Dataset items
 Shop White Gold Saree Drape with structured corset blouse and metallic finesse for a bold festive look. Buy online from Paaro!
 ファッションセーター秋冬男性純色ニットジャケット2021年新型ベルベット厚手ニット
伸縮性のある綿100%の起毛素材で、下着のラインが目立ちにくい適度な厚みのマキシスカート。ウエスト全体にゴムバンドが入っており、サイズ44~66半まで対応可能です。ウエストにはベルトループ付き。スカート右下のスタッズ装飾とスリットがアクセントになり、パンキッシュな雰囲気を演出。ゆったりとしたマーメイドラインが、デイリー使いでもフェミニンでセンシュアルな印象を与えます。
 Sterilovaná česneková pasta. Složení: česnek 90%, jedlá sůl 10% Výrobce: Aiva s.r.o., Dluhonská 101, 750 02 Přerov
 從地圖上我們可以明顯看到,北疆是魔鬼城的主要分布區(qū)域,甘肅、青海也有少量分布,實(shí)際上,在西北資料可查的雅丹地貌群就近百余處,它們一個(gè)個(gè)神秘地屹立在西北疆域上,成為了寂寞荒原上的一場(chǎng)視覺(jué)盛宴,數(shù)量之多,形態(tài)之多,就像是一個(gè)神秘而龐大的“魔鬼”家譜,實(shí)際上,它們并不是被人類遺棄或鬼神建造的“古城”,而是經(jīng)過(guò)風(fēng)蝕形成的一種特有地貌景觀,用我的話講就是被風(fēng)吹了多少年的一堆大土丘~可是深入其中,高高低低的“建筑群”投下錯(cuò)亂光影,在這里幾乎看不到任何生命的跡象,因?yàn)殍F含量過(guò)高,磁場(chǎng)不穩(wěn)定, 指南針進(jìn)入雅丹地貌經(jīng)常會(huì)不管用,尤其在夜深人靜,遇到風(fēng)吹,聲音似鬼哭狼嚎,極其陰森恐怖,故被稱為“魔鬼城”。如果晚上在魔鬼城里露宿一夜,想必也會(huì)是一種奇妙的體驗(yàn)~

● **How to complete this task**: Repeat each record word for word. Do not leave any out.

● **Your response**:
 Shop White Gold Saree Drape with structured corset blouse and metallic finesse for a bold festive look. Buy online from Paaro!
 ファッションセーター秋冬男性純色ニットジャケット2021年新型ベルベット厚手ニット
伸縮性のある綿100%の起毛素材で、下着のラインが目立ちにくい適度な厚みのマキシスカート。ウエスト全体にゴムバンドが入っており、サイズ44~66半まで対応可能です。ウエストにはベルトループ付き。スカート右下のスタッズ装飾とスリットがアクセントになり、パンキッシュな雰囲気を演出。ゆったりとしたマーメイドラインが、デイリー使いでもフェミニンでセンシュアルな印象を与えます。
 Sterilovaná česneková pasta. Složení: česnek 90%, jedlá sůl 10% Výrobce: Aiva s.r.o., Dluhonská 101, 750 02 Přerov
 從地圖上我們可以明顯看到,北疆是魔鬼城的主要分布區(qū)域,甘肅、青海也有少量分布,實(shí)際上,在西北資料可查的雅丹地貌群就近百余處,它們一個(gè)個(gè)神秘地屹立在西北疆域上,成為了寂寞荒原上的一場(chǎng)視覺(jué)盛宴,數(shù)量之多,形態(tài)之多,就像是一個(gè)神秘而龐大的“魔鬼”家譜,實(shí)際上,它們并不是被人類遺棄或鬼神建造的“古城”,而是經(jīng)過(guò)風(fēng)蝕形成的一種特有地貌景觀,用我的話講就是被風(fēng)吹了多少年的一堆大土丘~可是深入其中,高高低低的“建筑群”投下錯(cuò)亂光影,在這里幾乎看不到任何生命的跡象,因?yàn)殍F含量過(guò)高,磁場(chǎng)不穩(wěn)定, 指南針進(jìn)入雅丹地貌經(jīng)常會(huì)不管用,尤其在夜深人靜,遇到風(fēng)吹,聲音似鬼哭狼嚎,極其陰森恐怖,故被稱為“魔鬼城”。如果晚上在魔鬼城里露宿一夜,想必也會(huì)是一種奇妙的體驗(yàn)~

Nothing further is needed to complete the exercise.